I think [one of the interlocutors] was pretty much accurate that non-American observers have a hard time understanding our attachment to gun rights, and our particular phobias about tyranny, more because they lack understanding of the American context that our political debates take place in, than because our particular phobias are especially bizarre. It might be somewhat analogous to an Italian or Greek scoffing at an Englishman for his inherited cultural sense that the right to trial by jury is the holy grail of legal theory. Such a critic of English laws would gain little credibility without first endeavoring to grasp how this right developed–its historical antecedents, the circumstances that gave it rise, the ways it has been tested, assaulted, and defended throughout history, and ultimately how it has entered the culture and identity of English society as a priceless birthright. If he doesn’t take the time to appreciate this, and account for it in making his critique, then in plain words he is just being an arrogant ass.
You have the qualified advantage of having lived for several years at some removal from the cultural air that we breathe over here, and that does grant you a potentially useful platform from which to reflect on American culture. But I get that sense that for a variety of reasons you no longer greatly care for your American identity, and the severing of some of these ties may have induced an absence of empathy that disqualifies you from the role of cultural physician.

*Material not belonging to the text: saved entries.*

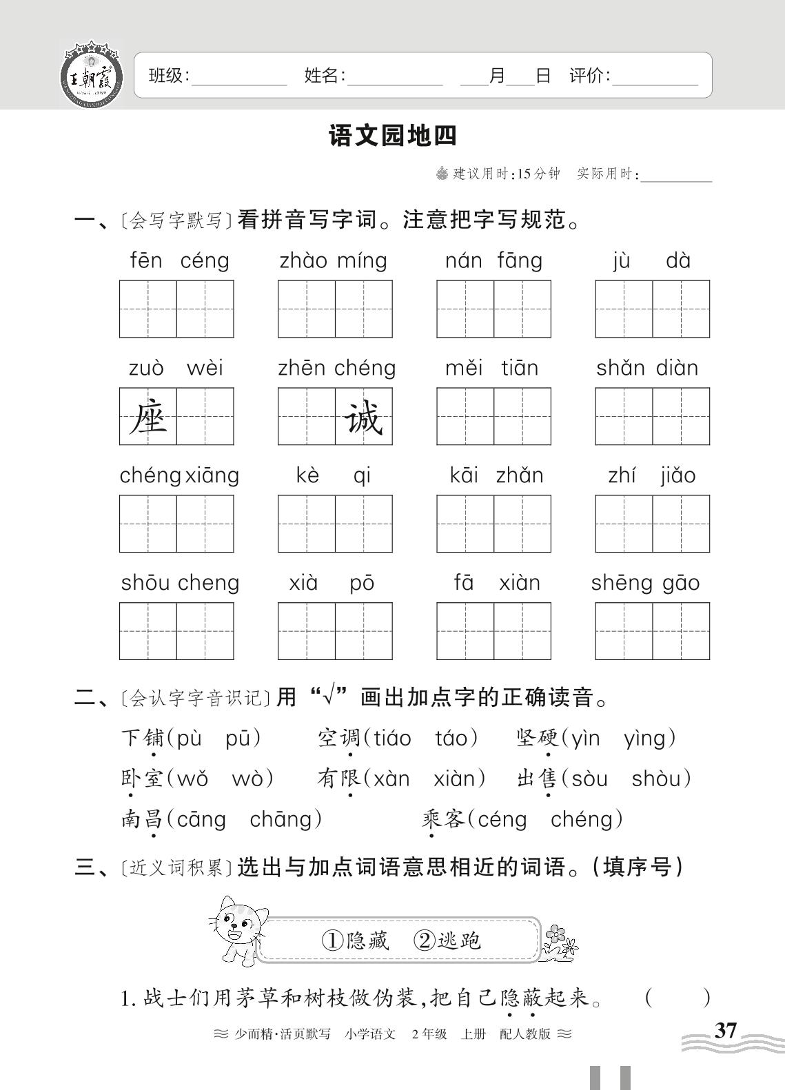 二年级语文人教版上册课时作业
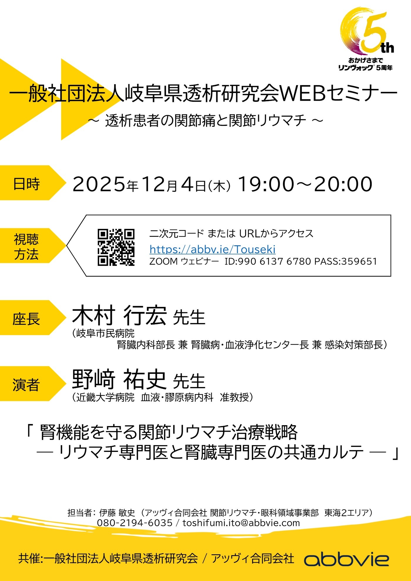 【2025/12/4】一般社団法人岐阜県透析研究会 WEBセミナー<透析患者の関節痛と関節リウマチ>
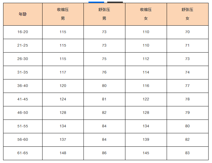 以下是針對40歲至50歲人群的血壓對照表(單位:mmHg):

Because, of course, the gun control debate in America has everything to do with culture, and very little at all to do with bare questions of expediency. From its inception, the American identity was based on sensibilities that arose from the immediate and concrete necessities our forefathers were under to provide the basic trappings of life in an unsettled wilderness. While the attitude of self-sufficiency and independence is certainly open to abuse, in its basic form it is a legitimate expression of certain values that developed out of the Reformation–the elevation of household and domestic economy, the duty of men to provide for their dependents, the civic responsibility of the member of society, the freedom that is the corollary to this responsibility, etc. (I’m sure given your area of concentration you could amend and qualify this summary; consider it just a hazy attempt by a layman.) As an accident of our place in the timeline of history, firearms became a critical tool and symbol of our effort to establish independent freeholds, to provide for our families, to protect ourselves against famine and hostile forces. That these exigencies are still alive might be illustrated by the fact that I have depended on hunting to keep my family fed through some very lean winters over the past five years.